Terminal ITEM has 11 gates.
Flights at STT often board in a single tight window
The Main Terminal at Cyril E. King Airport runs all 11 gates out of one compact building, so when multiple departures line up around midday the result feels like one shared departure hall, not separate concourses. Flyers on TripAdvisor describe the departure side as “packed” when flights go out on time, because everyone crowds the same central waiting room instead of spreading across different piers.
All gates sit on the first floor, and there’s no airside split by airline, so once you clear security you’re basically in one long room with doors marked for gates 1 through 11. That same layout means you can walk from one end to the other in a few minutes, but it also means any delay ripple hits the whole place at once. Reviews on FlyerTalk mention that flights “all seem to leave around the same time,” which matches the feel of a single departure bank more than a big hub schedule.
Security, customs, and border-control desks don’t always match the building’s posted opening hours, so regulars say they check airline counters and federal-service schedules separately before a morning or late-evening flight. One of the quirks at STT is that the terminal doors can be open while TSA screening or immigration has already shut down, so you don’t want to assume the same closing time for the lobby and the actual screening lines.
Immigration and border-control queues get rough when that departure bank builds; FlyerTalk users report the line “snakes around the outside of the building” on busy days. That’s a single choke point feeding the same 11-gate hall, so a surprise rush from two or three flights can add 30–60 minutes of standing in the sun before you even hit the indoor area. Build the buffer; this is not a 45-minutes-to-wheels-up kind of airport on heavy days.
The Main Terminal has no published lounges, branded clubs, or airline-specific quiet rooms, and there’s no catalogued sit-down restaurant list to build a meal plan around. Trip reports mention grabbing basic snacks and drinks near the gates, but you shouldn’t count on a full bar and grill at Gate 7 or a coffee chain at Gate 3 the way you might at a mainland hub. Eat in town or at your hotel, then treat the terminal as a short-stop waiting space, not a place to camp and work for three hours.

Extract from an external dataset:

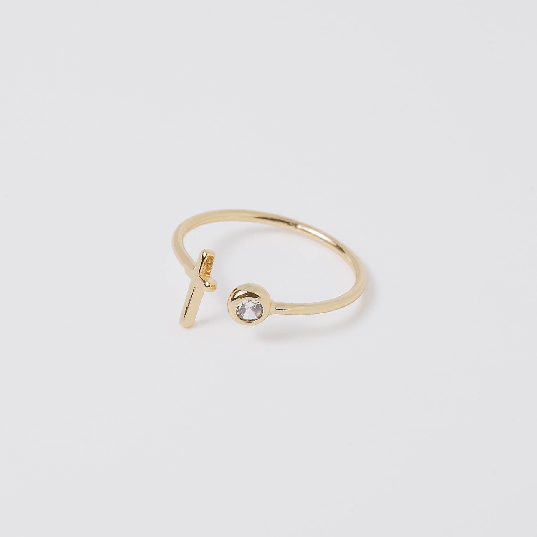 This dainty cross and stone ring is simple yet elegant. The open design of the gold band is perfect for stacking. Great gift for confirmation or graduation.

Regulars handle STT by padding departure time and treating the 11-gate hall as a single shared queue environment instead of separate lines by carrier. They show up earlier than they normally would for an airport this size, verify their airline’s check-in and TSA hours the day before, and assume that once one departure bank builds, every process from security to boarding slows down. One practical move: aim to be at the terminal 2–2.5 hours before a US-bound flight and 3 hours before an international leg, then head straight through security as soon as your airline counter opens rather than lingering curbside.